15 Ekim 2014 Çarşamba

MM: Uzun Aradan Sonra Yeni Konuşmalar

“Kahvenin yanında çikolata alır mıydın?”
   “Hayır, diyetteyim,” diyor.
  O kadar zamandır görüşmüyoruz ki, neyi sevip neyi sevmediğini dahi adamakıllı hatırlayamıyorum. Belleğimde birbirinin yanına yakışmayan garip tümceler. Belki bu tümceleri birleştirmek için arıyorum Marilyn’i, o yüzden özlüyorum. Belki de kırık kalbini biraz da ben kırmak için istiyorum onu yanımda. Çünkü konuştuğumuz her seferde de ağlıyor.

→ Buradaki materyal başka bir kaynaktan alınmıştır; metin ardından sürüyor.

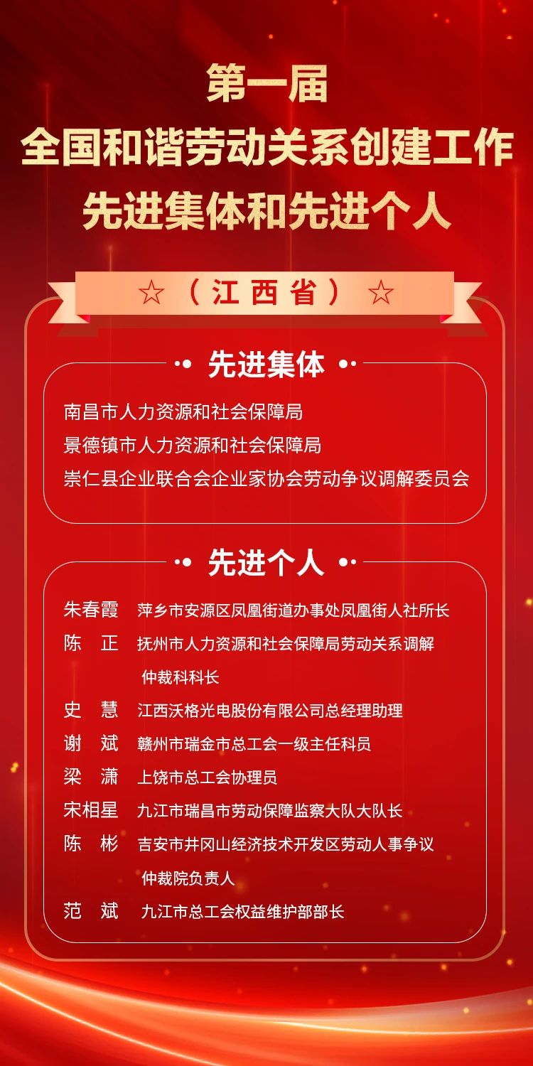 3月19日,國家第一屆全國和諧勞動關系創(chuàng)建工作先進集體和先進個人表彰暨經驗交流會在北京召開。我省南昌市人力資源和社會保障局等3家單位、萍鄉(xiāng)市安源區(qū)鳳凰街道辦事處鳳凰街人社所長朱春霞等8名同志受人力資源和社會保障部、中華全國總工會、中國企業(yè)聯(lián)合會/中國企業(yè)家協(xié)會、中華全國工商業(yè)聯(lián)合會表彰。

Ya içine içine ya da bütünüyle dışarı akıtarak gözyaşlarını. İkisinin arasında çok fark var onun için. O, ikisini birbirinden öyle ince bir bağla ayırıyor ki, her göz göremiyor farkı.
   Karşımda, tekli koltukta oturuyor. Bense bütünüyle rahatlığı kucaklayarak köşe kanepenin köşesindeki o uzun, o uzanmak için birebir kısımda sere serpe yatmaya çalışıyorum. Sığamıyorum. Sığdıramıyorum kendimi. Oraya bile.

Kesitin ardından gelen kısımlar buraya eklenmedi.